*Problem requirements*: Leave the images aside and copy out the whole listing, exact to the word.

*Input data*:
-- Opening Marker --
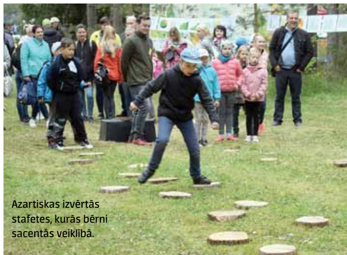
Azartiskas izvērtās stafetes, kurās bērni sacentās veiklībā.
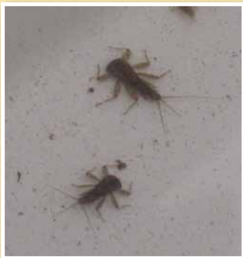
Prisotne živali v gorskem potočku so dokaz, da je voda čista
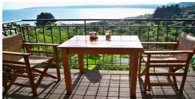
Blick auf das Meer

SPARTIPP Bei Buchung eines Attika Mietwagens Transfergutschein ab/bis Flughafen EUR 60, ab/bis Hafen bis zu EUR 86 pro Person. Einen Mietwagen der Kat. A1 erhalten Sie schon ab EUR 140 pro Woche.
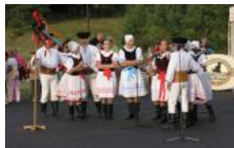
• Poludnica vo Vavrišove, júl 2006
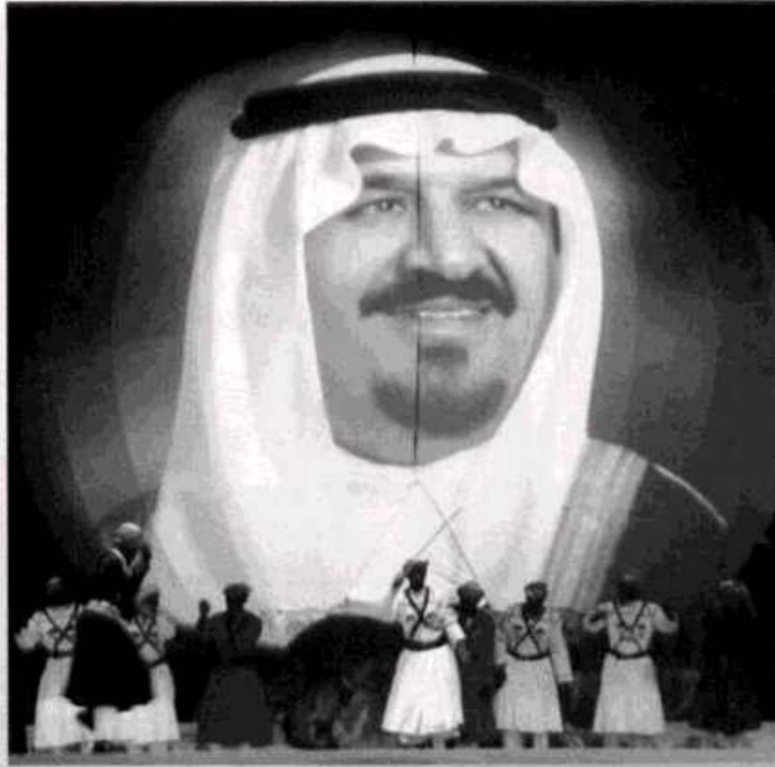
ولي العهد... خلال الأمن والخير والوفاء
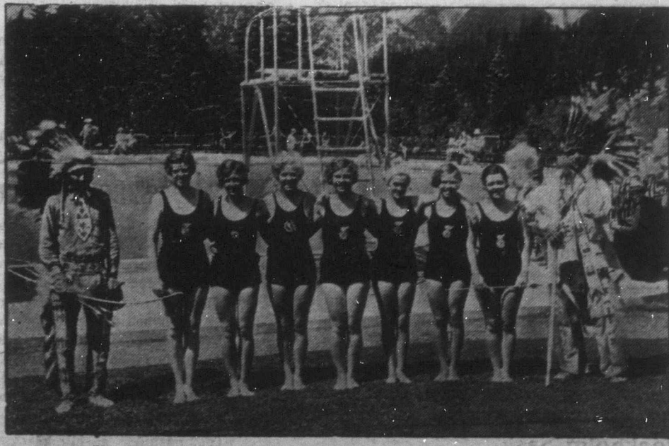
Kanada hét válogatott nősőzője áll glédában ezuttal olvasóink előtt. A Rocky Mountains legfestőbb fürdőhelyén, az albertai Banff-en pihenetek meg az edzett női atléták, a los-angelesi versenyek izgalmai előtt. — A két rézbőrű indiai szerepéről nem számol be a krónika s nem tudjuk, hogy vajjon a kíváncsiszókodokat akarják-e távol tartani nyilakkal, vagy pedig csupán még harcra sabbá akarták tenni az amazonok megjelenését?

— Micsoda? Fizetésemlést? Örüljön, hogy a könyvelőm lehet... De figyelmeztetem, ha még egyszer elégedetlenkedik, társnak veszem! Megértette?!
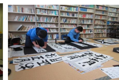
平成30年12月28日 わしのご習字教室・年末大掃除
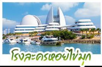
ริ่งละครเซอซำใหม่
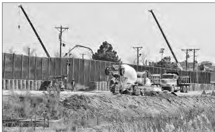
▲ Al poniente de Ciudad Juárez se preparando el montaje de más malla de púas para frenar a migrantes.

Un policía del condado les ofreció apoyo, pero un segundo uniformado “racista” les exigió sus documentos y, al no presentarlos, dio aviso a la autoridad migratoria. Se les detuvo y tras varios días de encierro e incommunicación, se les envió vía aérea a la Ciudad de México.
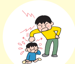
もしかして児童虐待？
-- Closing Marker --
*Exercise response*:
Azartiskas izvērtās stafetes, kurās bērni sacentās veiklībā.
Prisotne živali v gorskem potočku so dokaz, da je voda čista
Blick auf das Meer

SPARTIPP Bei Buchung eines Attika Mietwagens Transfergutschein ab/bis Flughafen EUR 60, ab/bis Hafen bis zu EUR 86 pro Person. Einen Mietwagen der Kat. A1 erhalten Sie schon ab EUR 140 pro Woche.
• Poludnica vo Vavrišove, júl 2006
ولي العهد... خلال الأمن والخير والوفاء
Kanada hét válogatott nősőzője áll glédában ezuttal olvasóink előtt. A Rocky Mountains legfestőbb fürdőhelyén, az albertai Banff-en pihenetek meg az edzett női atléták, a los-angelesi versenyek izgalmai előtt. — A két rézbőrű indiai szerepéről nem számol be a krónika s nem tudjuk, hogy vajjon a kíváncsiszókodokat akarják-e távol tartani nyilakkal, vagy pedig csupán még harcra sabbá akarták tenni az amazonok megjelenését?

— Micsoda? Fizetésemlést? Örüljön, hogy a könyvelőm lehet... De figyelmeztetem, ha még egyszer elégedetlenkedik, társnak veszem! Megértette?!
平成30年12月28日 わしのご習字教室・年末大掃除
ริ่งละครเซอซำใหม่
▲ Al poniente de Ciudad Juárez se preparando el montaje de más malla de púas para frenar a migrantes.

Un policía del condado les ofreció apoyo, pero un segundo uniformado “racista” les exigió sus documentos y, al no presentarlos, dio aviso a la autoridad migratoria. Se les detuvo y tras varios días de encierro e incommunicación, se les envió vía aérea a la Ciudad de México.
もしかして児童虐待？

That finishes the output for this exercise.